0
votes

I have a simple column family in my Cassandra KeySpace. I need to access it using PIG. Please help me understand how this works:

SD = LOAD 'cassandra://SampleData/Queries' USING CassandraStorage() as (f1,f2,f3);

If I perform

X  = foreach SD generate f1; dump X;

it gives me all the keys stored in the `Queries'' table. I need to be able to generate a couple(key, value)' where key' is a row key andvalue' is the value of a column by this key with a specific name `UpdateTimeStamp'

I figured out that if I do

Y = foreach SD generate f2.name; dump Y;

It goes through the list of all rows and prints the list of NAMEs of columns present in each row

if I do

Z = foreach SD generate f2.value; dump Z;

it gives me the same thing as above except instead of column names, it prints column values.

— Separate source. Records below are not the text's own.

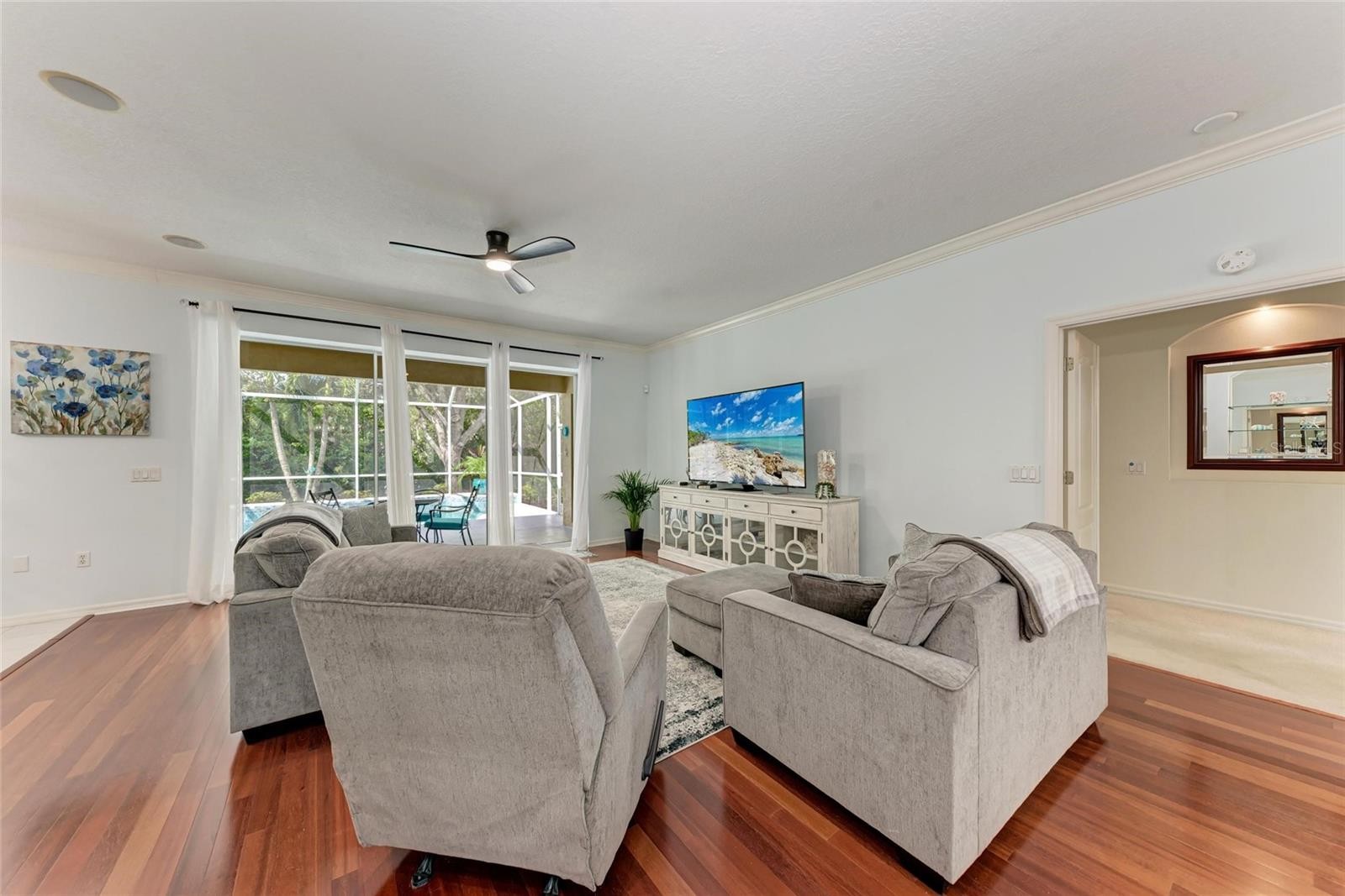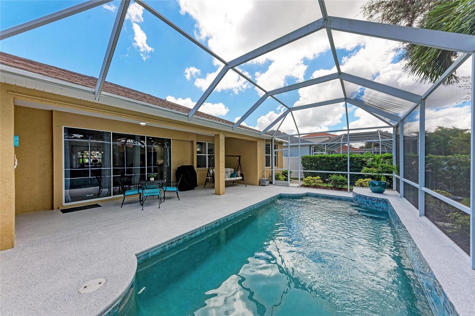 New Price! Charming home with heated pool in Riverwalk Village, Lakewood Ranch! This wow-location is directly across from Lakewood Ranch Golf & Country Club and close to everything — dining, shopping, parks, medical facilities, and more. Built by accredited Homes by Town this Norwood model features high ceilings and a bright, cheerful ambiance. The home has been beautifully updated and meticulously maintained, including a whole-house Generac generator, 2021 roof, new HVAC system, blown-in insulation, hot water heater, pool heater, pool pump, and cartridge filter. The sparkling pool has been newly resurfaced and tiled, with the pool deck also resurfaced for a fresh, modern look. A pool safety gate adds peace of mind. The home includes two new Lanai hurricane Storm Smart screens, a new refrigerator, and new smoke detectors throughout. The home features a Ring security system. It has 4 outside cameras plus a doorbell camera. Inside there is a base station, motion sensor in the living room area and two smoke detectors. Inside, you’ll find engineered hardwood flooring in the dining room and great room, crown molding, ceiling fans with lights. Triple glass sliders in the great room open fully to a large covered lanai with two ceiling fans, creating seamless indoor-outdoor living. The screened pool area is surrounded by mature trees and lush landscaping with accent lighting, offering a tranquil and truly private retreat. The spacious primary suite spans the entire right wing of the home and features a double-door entry, direct lanai and pool access, two closets — one walk-in and one double — and four windows that flood the space with natural light and serene views. The ensuite bath includes dual vanities, a separate tub, and a walk-in shower. The kitchen is thoughtfully designed with white cabinetry, black granite counters, a five-burner gas range, stainless steel appliances, recessed lighting, a breakfast bar, and a dinette area with pool views. Bedrooms two and three are located on the left side of the home, each with double closets and ceiling fans with lights, and they share a full hall bath. A linen closet adds convenience to the hallway layout. Laundry room with stacked Washer and Dryer, cabinets. The garage offers generous storage with newly installed ceiling-mounted racks. With a low $102/year HOA and low CDD included in the taxes. This home is a true treasure. Lakewood Ranch offers 150 miles of walking and biking trails, outdoor parks, two dog parks, an A-rated school system, and proximity to Main Street’s vibrant mix of casual and fine dining, boutique shopping, and community events. The Lakewood Ranch Medical Center is nearby, and the UTC Mall is just eight minutes away. Downtown Sarasota, with its entertainment, boating, and cultural attractions, is approximately 25 minutes from your doorstep. Live, work, and play in the #1 master-planned community in the U.S., where sunny days and starry nights define the Florida lifestyle. Easy to show — call today!
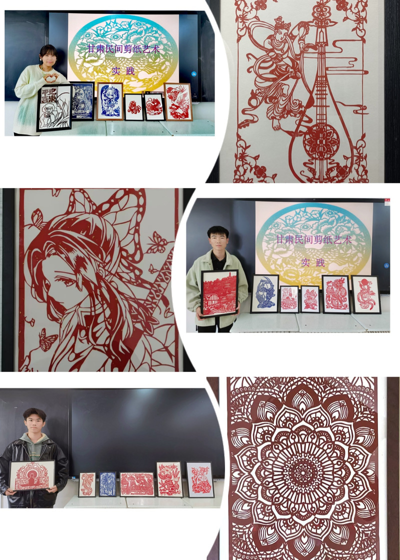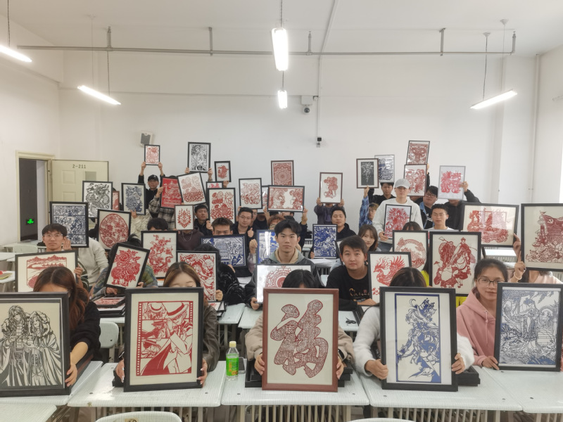 本次课程采用智慧树慕课平台,以线上视频讲授理论,线下项目化实践主题教学为主。此次展览共展出剪纸作品200余幅,作品以民间吉祥图案、花鸟鱼虫、十二生肖、戏剧人物为主要题材,通过剪纸的形式把皮影、戏曲脸谱、经典工笔画局部元素作为创作素材,丰富了剪纸艺术的表现形式。
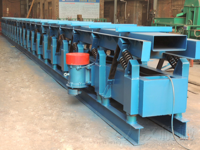 振動輸送機由由鐵芯、線圈、銜鐵和料槽等構成。整流后的電暢通過線圈時,發生周期變更的電磁吸力,激起料槽發生振動。電磁振動輸送機一般采取高頻率、小振幅。
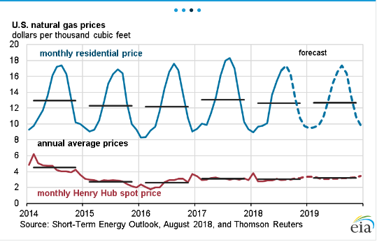 Dry natural gas production was 81.8 billion cubic feet per day (Bcf/d) in July, up 0.4 Bcf/d from June. EIA forecasts dry natural gas production will average 81.1 Bcf/d in 2018, up by 7.5 Bcf/d from 2017 and establishing a new record high. It is expected that natural gas production will rise again in 2019 to 84.1 Bcf/d.
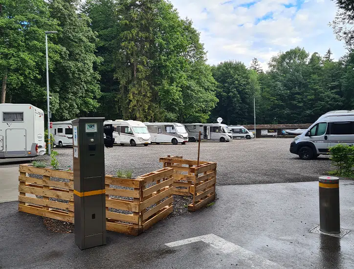 Unser System funktioniert gleich wie bei einer Parkgarage. Der Gast reist an, bekommt bei der Einfahrtssäule ein Ticket. Mit diesem Ticket kann er Strom und Wasser aktivieren. Verrechnet wird der Pauschalpreis für eine Nacht und der jeweilige Verbrauch von Strom und Wasser zusätzlich. Bezahlt wird vor der Abreise beim Zahlterminal. Diese technisch hochwertige Ausstattung wurde von der Firma CampConcept, mit Sitz in Kärnten, entwickelt. Als einzige Firma in Österreich bietet diese Firma alles aus einer Hand an. Sowohl die Ausstattung für Ein- und Ausfahrt, als auch die Stromsäulen, Wassersäulen und Chemie WC Entleerung.
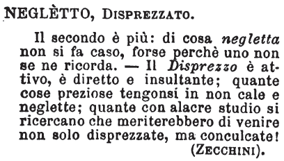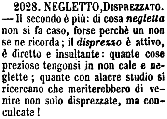 | Negletto, Disprezzato - Il secondo è più: di cosa negletta non si fa caso, forse perché un non se ne ricorda; il disprezzo è attivo, è diretto e insultante: quante cose preziose tengonsi in non cale e neglette; quante con alacre studio si ricercano che meriterebbero di venire non solo disprezzate, ma conculcate! [immagine] |

I need to be able to generate a relation (key, timestamp) something like this:

T = foreach SD generate (f1, f2.value(for f2.name == 'UpdateTimeStamp'));

Obviously, PIG won't take the statement above;

1

1 Answers

0
votes

The columns in cassandra are loaded in the PIG as a inner bag of tuples.

Try this

data = LOAD 'cassandra://SampleData/Queries' USING CassandraStorage()
   AS (keycolumn, columns: bag {T: tuple(columnname, columnvalue)});

dump data; // check for what is in the data alias

data2 = FOREACH data GENERATE keycolumn, columns.name);

dump data2;